The logically-minded reader thus may be repelled by much of this. After all, the content of a self-contraditory statement is precisely zero. And one could easily make the opposite of the above arguments. For example, just because something is conditioned or impermanent doesn’t make it unreal—indeed, that is arguably the very definition of what is real. The fact that our perception of the world is warped by our subjectivity does not make it unreal—indeed, arguably our subjective reality is the only one we can be sure of. And anybody who has read a scientific text knows that language can be a very useful tool for understanding the world.

But this is all probably beside the point. To begin with, I think a Buddhist would likely object to my attempt to formulate this doctrine as a metaphysical system. To the contrary, such a system would be antithetical to the entire spirit of the enterprise, which is precisely the attempt to move beyond intellectual attempts to understand and rationalize reality. Rather, I think these paradoxes and negations should be read as attempts to inculcate an attitude, or to induce a mental state.

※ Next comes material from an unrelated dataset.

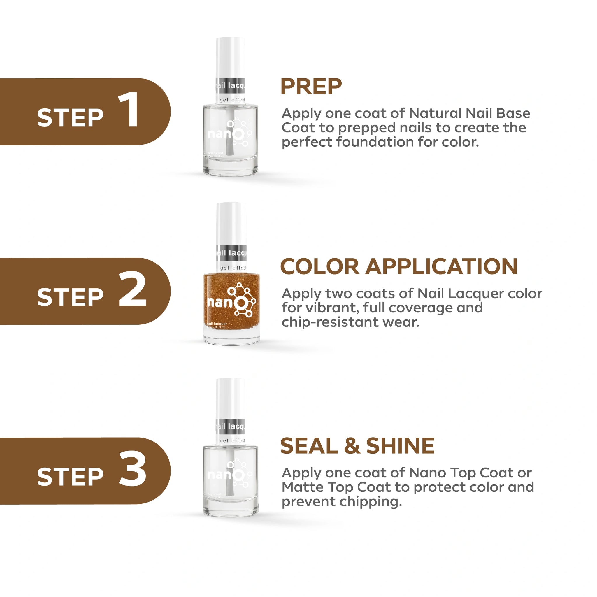 - ضعي طبقة من Nano® Normal Base Coat لحماية أظافرك الطبيعية وضمان التصاق أفضل.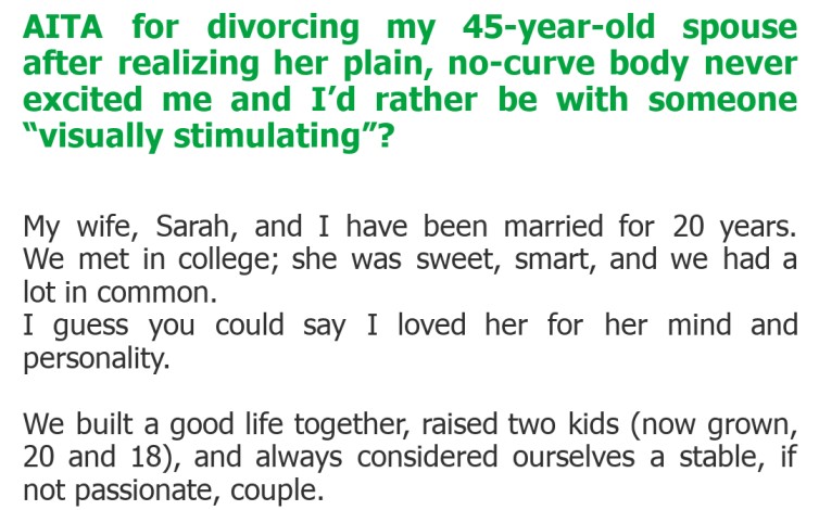 AITA for divorcing my 45-year-old spouse after realizing her plain, no-curve body never excited me and I’d rather be with someone “visually stimulating”?

If I have any criticism of this doctrine, it is that it seems—to put it bluntly—rather defeatist. All human striving is vain; all attempts at satisfying our desires are vain; every effort to understand reality is vain. A Buddhist may disagree with this assessment—and, in truth, my understanding of these sutras is undoubtedly superficial—but seeing the world as unreal and freeing myself of all desire seem rather like death than something to pursue. That being said, like most people, I certainly err in the opposite direction: getting too swept up in trivialities, getting upset over things beyond my control, seeing my world from the narrow perspective of my short-term desires. As a corrective to this unhappy state of affairs, I think there is a great deal of value in this school of Buddhism. I look forward to continually failing to apply it to my life.